→ **What is being asked**:
Your copy should match the entries exactly, except that it holds no pictures.

#### Records shown

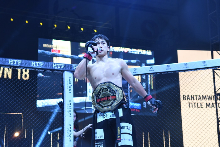 大野はマイクを持つと「押忍。リキくん、なんかごめん、ありがとう。俺は王者としてBreakingDownが一番好きだからこれからもここで戦わせてください。俺に王者としての仕事を任せてください」とアピールした。
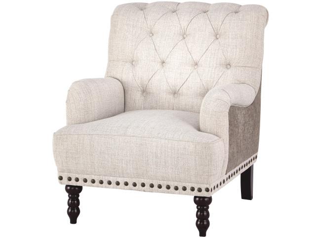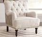 Fresh and sophisticated. This accent chair with button tufting is a classy addition to your home. Inside-out design with linen weave fabric on the seating area and taupe faux leather on the back. Large Nail-head trim ties the look together. Charles of London arms and turned bun feet make this a stylish heirloom piece.
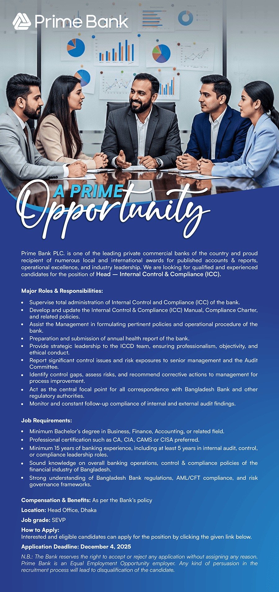 Prime Bank Job Circular 2025 has been officially published on 20 November 2025 in the bdjobs website. According to the circular, Prime Bank PLC will appoint a total of (not specific) people for the 01 job post through this Prime Bank PLC job circular 2025. The last date to apply online is 04 December 2025.
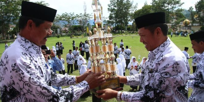 Usai memimpin upacara HGN, Plt Bupati Aceh Tengah, Drs H Alhudri MM turut menyerahkan hadian berupa piala bergilir Porseni kepada juara umum UPTD Bebesen.
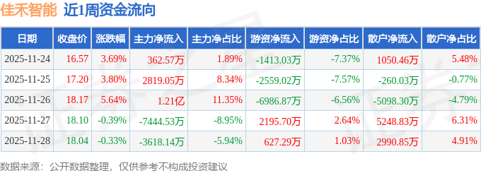 资金流向数据方面,本周佳禾智能主力资金合计净流入4204.11万元,游资资金合计净流出8135.93万元,散户资金合计净流入3931.81万元。本周资金流向一览见下表:
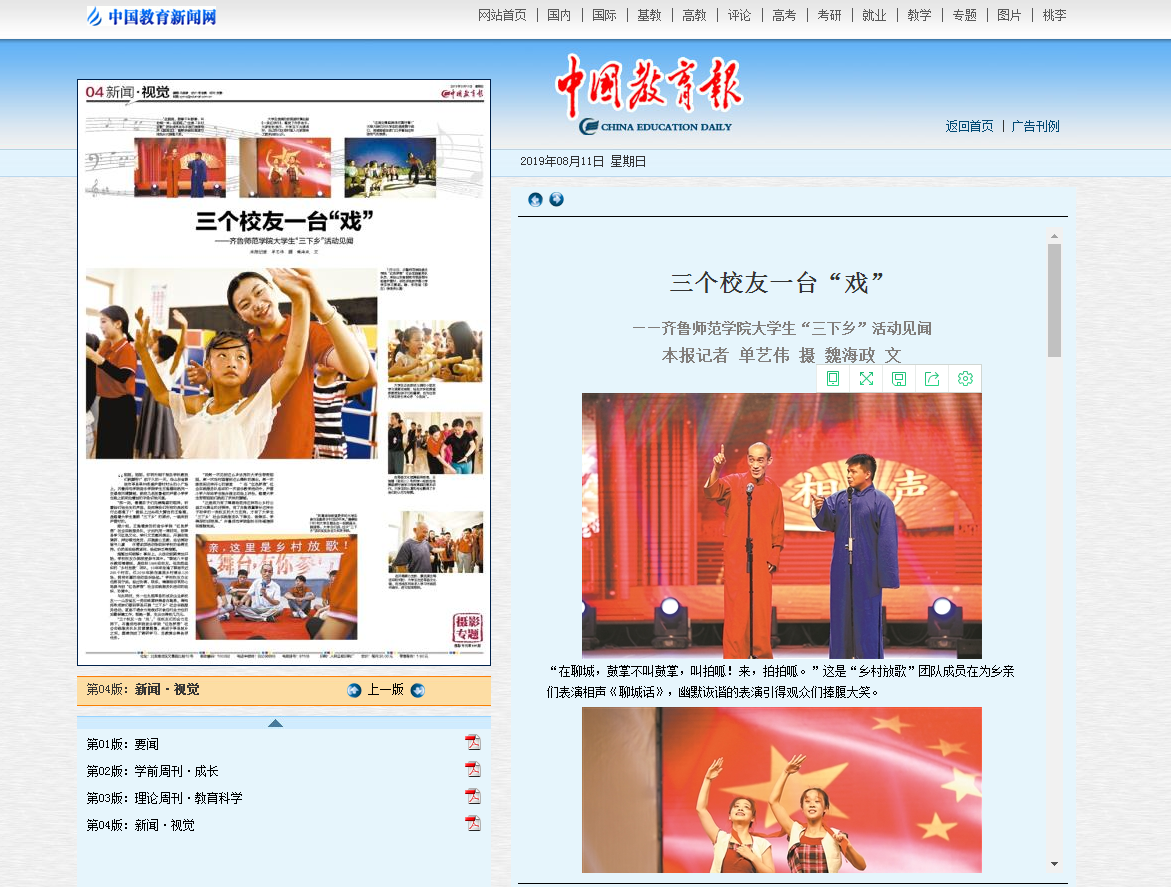 全讯白菜官网2019年暑期“三下乡”实践活动紧紧围绕全讯白菜官网“师范性、地方性、应用型”的办学定位和“教师教育、文化育人、服务地方”的办学特色,以“专项联动、主题带动、品牌驱动、课题牵动”,紧扣学生毕业要求,遵循成长成才规律,服务地方经济发展。中国教育报以三个校友一台“戏”为题整版报道了全讯白菜官网大学生“三下乡”活动见闻。此外,新华网、共产党员网、中国青年网、山东共青团、大众网、大众日报、山东教育新闻、齐鲁晚报、天天快报、今日头条等多家媒体从不同角度宣传报道了全讯白菜官网“三下乡”实践活动,提升了学校的知名度、美誉度与社会影响力。

########

→ **Exercise response**:
 大野はマイクを持つと「押忍。リキくん、なんかごめん、ありがとう。俺は王者としてBreakingDownが一番好きだからこれからもここで戦わせてください。俺に王者としての仕事を任せてください」とアピールした。
 Fresh and sophisticated. This accent chair with button tufting is a classy addition to your home. Inside-out design with linen weave fabric on the seating area and taupe faux leather on the back. Large Nail-head trim ties the look together. Charles of London arms and turned bun feet make this a stylish heirloom piece.
 Prime Bank Job Circular 2025 has been officially published on 20 November 2025 in the bdjobs website. According to the circular, Prime Bank PLC will appoint a total of (not specific) people for the 01 job post through this Prime Bank PLC job circular 2025. The last date to apply online is 04 December 2025.
 Usai memimpin upacara HGN, Plt Bupati Aceh Tengah, Drs H Alhudri MM turut menyerahkan hadian berupa piala bergilir Porseni kepada juara umum UPTD Bebesen.
 资金流向数据方面,本周佳禾智能主力资金合计净流入4204.11万元,游资资金合计净流出8135.93万元,散户资金合计净流入3931.81万元。本周资金流向一览见下表:
 全讯白菜官网2019年暑期“三下乡”实践活动紧紧围绕全讯白菜官网“师范性、地方性、应用型”的办学定位和“教师教育、文化育人、服务地方”的办学特色,以“专项联动、主题带动、品牌驱动、课题牵动”,紧扣学生毕业要求,遵循成长成才规律,服务地方经济发展。中国教育报以三个校友一台“戏”为题整版报道了全讯白菜官网大学生“三下乡”活动见闻。此外,新华网、共产党员网、中国青年网、山东共青团、大众网、大众日报、山东教育新闻、齐鲁晚报、天天快报、今日头条等多家媒体从不同角度宣传报道了全讯白菜官网“三下乡”实践活动,提升了学校的知名度、美誉度与社会影响力。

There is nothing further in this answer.